▶ _Records for this task_
━━━

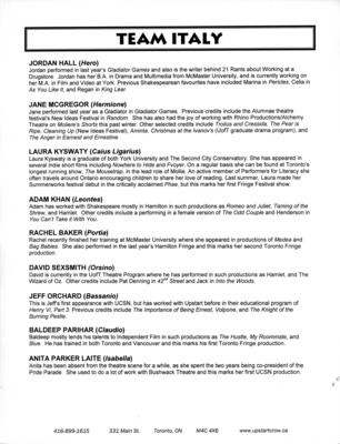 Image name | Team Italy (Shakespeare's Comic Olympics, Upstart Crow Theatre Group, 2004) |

━━━

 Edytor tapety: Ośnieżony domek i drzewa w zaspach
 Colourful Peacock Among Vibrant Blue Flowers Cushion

━━━

▶ _Problem_
Could you retype exactly the lines above, starting at the line that contains "Edytor tapety: Ośnieżony" and ending at the line that contains "Colourful Peacock Among", and nothing more?

▶ _Response to this task_
 Edytor tapety: Ośnieżony domek i drzewa w zaspach
 Colourful Peacock Among Vibrant Blue Flowers Cushion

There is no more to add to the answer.